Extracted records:
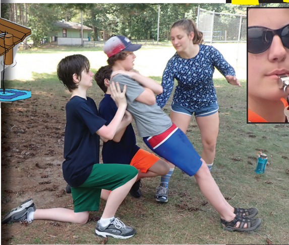
Summer staff have the opportunity to gain the skills necessary for group facilitation.
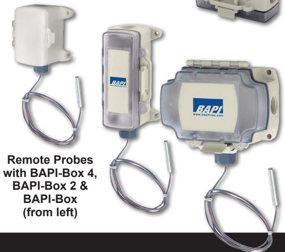
Remote Probes with BAPI-Box 4, BAPI-Box 2 & BAPI-Box (from left)
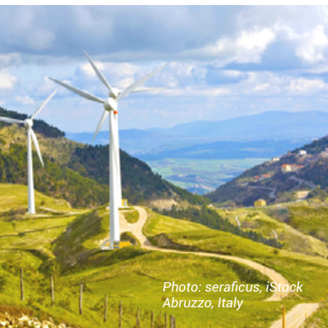
Abruzzo, Italy
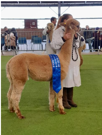
Alchemist spring 2024
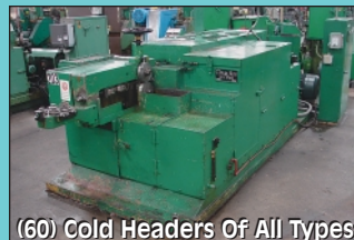
(60) Cold Headers Of All Types
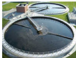
CLARIFIER AT STEEL MILL PLANT
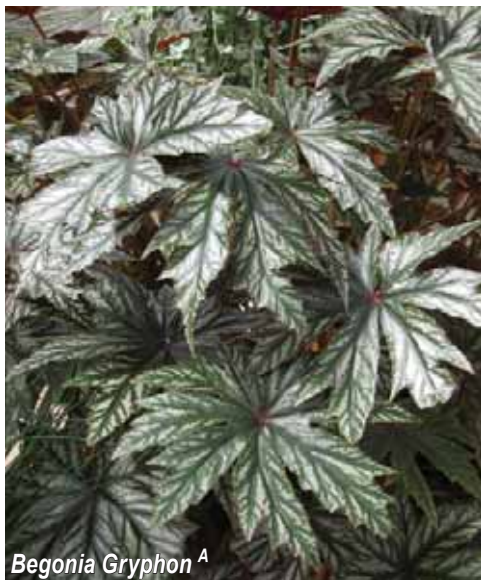
Begonia Gryphon A
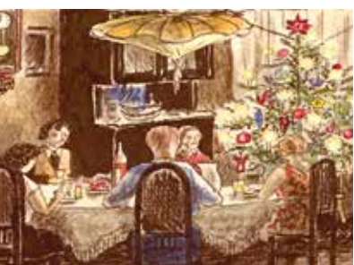
Eight Stars / Breakdown. Konstantins Raudive. / Little Bird's Diary

Founded in 2004, Studio CENTRUMS is a film production company that focuses on documentaries. The company has also been active in film distribution and other projects (computer games, a virtual museum, educational films and commercials).
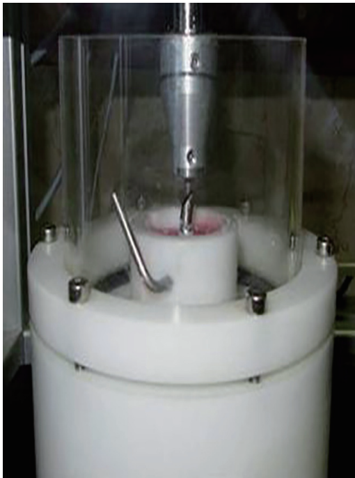
Fig. 2. The forces are applied in 45-degree angle over the crowns.
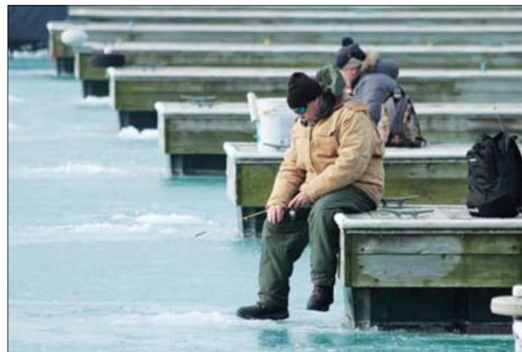
Hot spots for ice fishing include DuSable, Diversey and Belmont Harbors, the Lincoln Park Lagoon and Montrose Harbor, with ice forming well enough for ice shelters in winter.
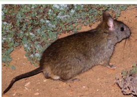
Greater stick-nest rat
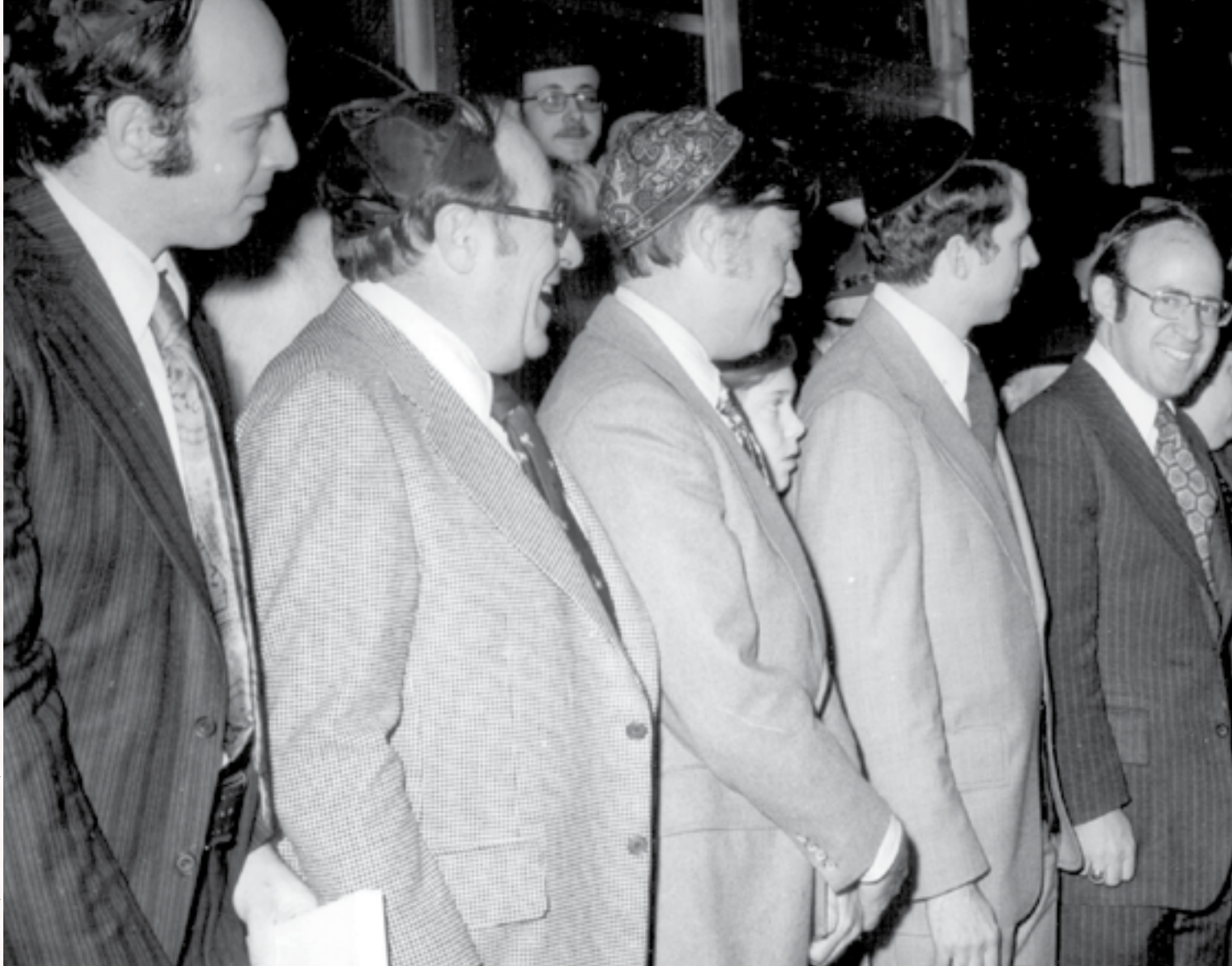
THE REBBE GREETES DIGNITARIES AND POLITICIANS AS HE ENTERS THE FARBRENGEN.
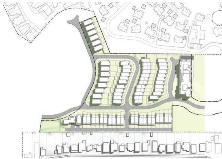
21st September 12.00pm
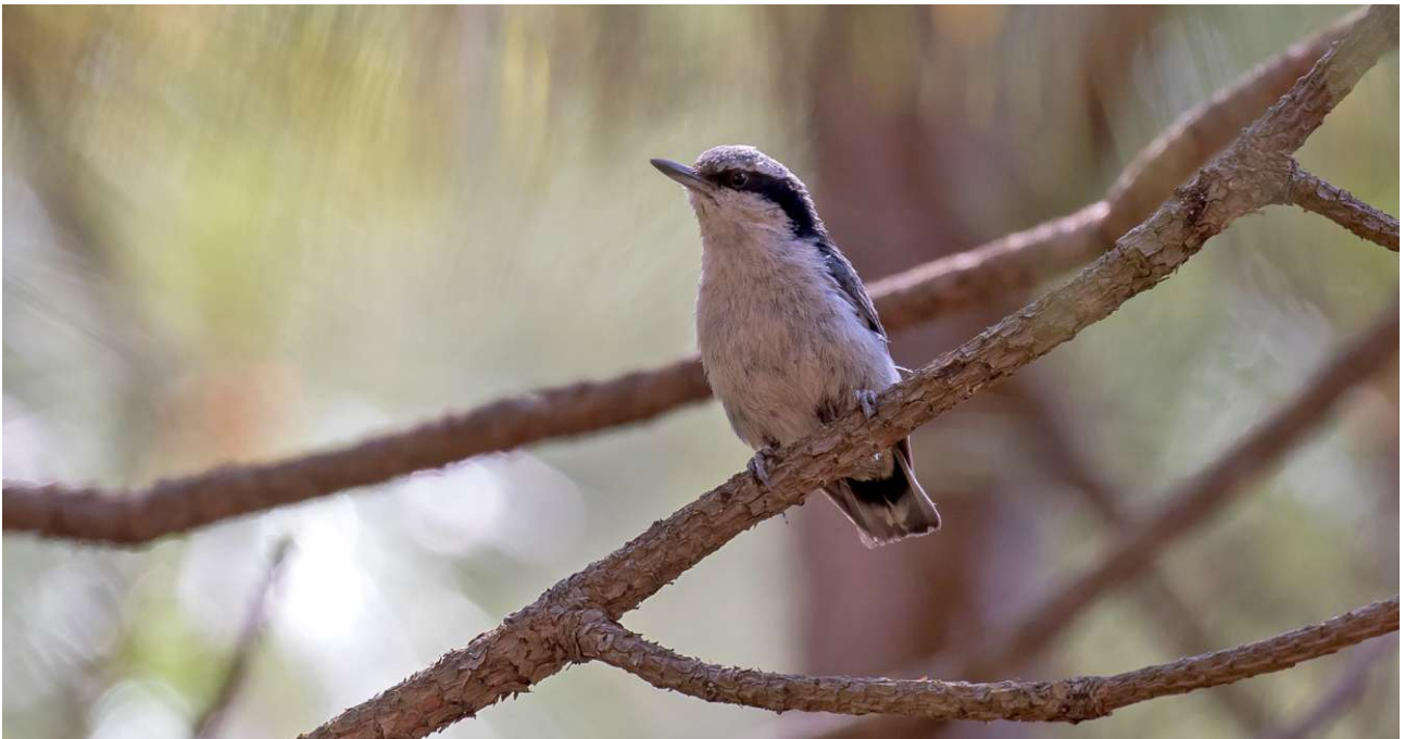
Yunnan Nuthatch near to Lijiang.

The following two mornings we made our way into some low forested hills to the east of Lijiang, where unfortunately the rare White-speckled Laughingthrush refused to appear. This rare species is severely threatened by the cagebird industry, and is becoming increasingly difficult to find sadly. That said, we did find a number of other special birds, pride of place going to a stunning male Lady Amherst's Pheasant that paraded back and forth in front of us. Other localized species included busy flocks of Black-browed Bushtits, Davison's Leaf Warblers, vocal Black-headed Sibias, smart Chinese Babaxes and skulking Rusty-capped Fulvettas and Black-streaked Scimitar-Babblers, as well as a variety of more widespread species such as a displaying Besra, a showy Large Hawk Cuckoo, Grey-backed Shrikes, Blyth's Shrike-Babbler, Bar-throated Minlas, White-browed Fulvettas, White-collared Yuhinas and colourful Mrs Gould's Sunbirds.
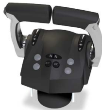
CONTROL HEAD Optimus 360

| YOUR TASK |
Pictures do not belong in the copy. Repeat only the lines from the top of the records through the line containing "CLARIFIER AT STEEL MILL PLANT".

| ANSWER TO THE EXERCISE |
Summer staff have the opportunity to gain the skills necessary for group facilitation.
Remote Probes with BAPI-Box 4, BAPI-Box 2 & BAPI-Box (from left)
Abruzzo, Italy
Alchemist spring 2024
(60) Cold Headers Of All Types
CLARIFIER AT STEEL MILL PLANT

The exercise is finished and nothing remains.